ACTION ITEM
Reproduce the records below exactly, but only between the lines holding "Figur 1. Agenda" and "Snow White Pearl (perleťový lak)", inclusive.

----

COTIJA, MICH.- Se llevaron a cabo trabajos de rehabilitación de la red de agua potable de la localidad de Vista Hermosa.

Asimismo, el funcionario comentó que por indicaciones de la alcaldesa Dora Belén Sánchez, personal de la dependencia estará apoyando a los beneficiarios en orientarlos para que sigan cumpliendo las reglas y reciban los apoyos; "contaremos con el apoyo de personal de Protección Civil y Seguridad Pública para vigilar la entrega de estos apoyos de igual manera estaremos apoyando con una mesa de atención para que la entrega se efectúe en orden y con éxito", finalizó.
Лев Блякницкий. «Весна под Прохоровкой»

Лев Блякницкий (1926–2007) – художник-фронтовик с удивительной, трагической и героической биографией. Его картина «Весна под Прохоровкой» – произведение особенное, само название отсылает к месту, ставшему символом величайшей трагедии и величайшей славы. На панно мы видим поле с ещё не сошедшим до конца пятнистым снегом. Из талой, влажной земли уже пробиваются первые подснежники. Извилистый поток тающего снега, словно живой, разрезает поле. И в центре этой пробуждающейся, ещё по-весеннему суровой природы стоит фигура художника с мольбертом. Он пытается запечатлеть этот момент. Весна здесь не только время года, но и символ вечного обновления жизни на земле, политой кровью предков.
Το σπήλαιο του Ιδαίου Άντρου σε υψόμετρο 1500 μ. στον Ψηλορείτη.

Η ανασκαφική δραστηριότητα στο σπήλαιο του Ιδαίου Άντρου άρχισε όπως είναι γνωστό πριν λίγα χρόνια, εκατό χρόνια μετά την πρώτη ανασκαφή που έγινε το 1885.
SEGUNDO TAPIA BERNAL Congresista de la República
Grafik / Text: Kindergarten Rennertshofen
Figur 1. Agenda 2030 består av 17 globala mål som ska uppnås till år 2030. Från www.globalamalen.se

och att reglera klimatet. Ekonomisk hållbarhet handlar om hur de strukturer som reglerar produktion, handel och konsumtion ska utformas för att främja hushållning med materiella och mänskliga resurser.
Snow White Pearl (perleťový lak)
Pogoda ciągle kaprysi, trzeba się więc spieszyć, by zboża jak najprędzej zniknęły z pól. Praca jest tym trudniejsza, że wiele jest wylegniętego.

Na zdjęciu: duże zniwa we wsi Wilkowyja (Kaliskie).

----

RESULT OF THIS TASK
Figur 1. Agenda 2030 består av 17 globala mål som ska uppnås till år 2030. Från www.globalamalen.se

och att reglera klimatet. Ekonomisk hållbarhet handlar om hur de strukturer som reglerar produktion, handel och konsumtion ska utformas för att främja hushållning med materiella och mänskliga resurser.
Snow White Pearl (perleťový lak)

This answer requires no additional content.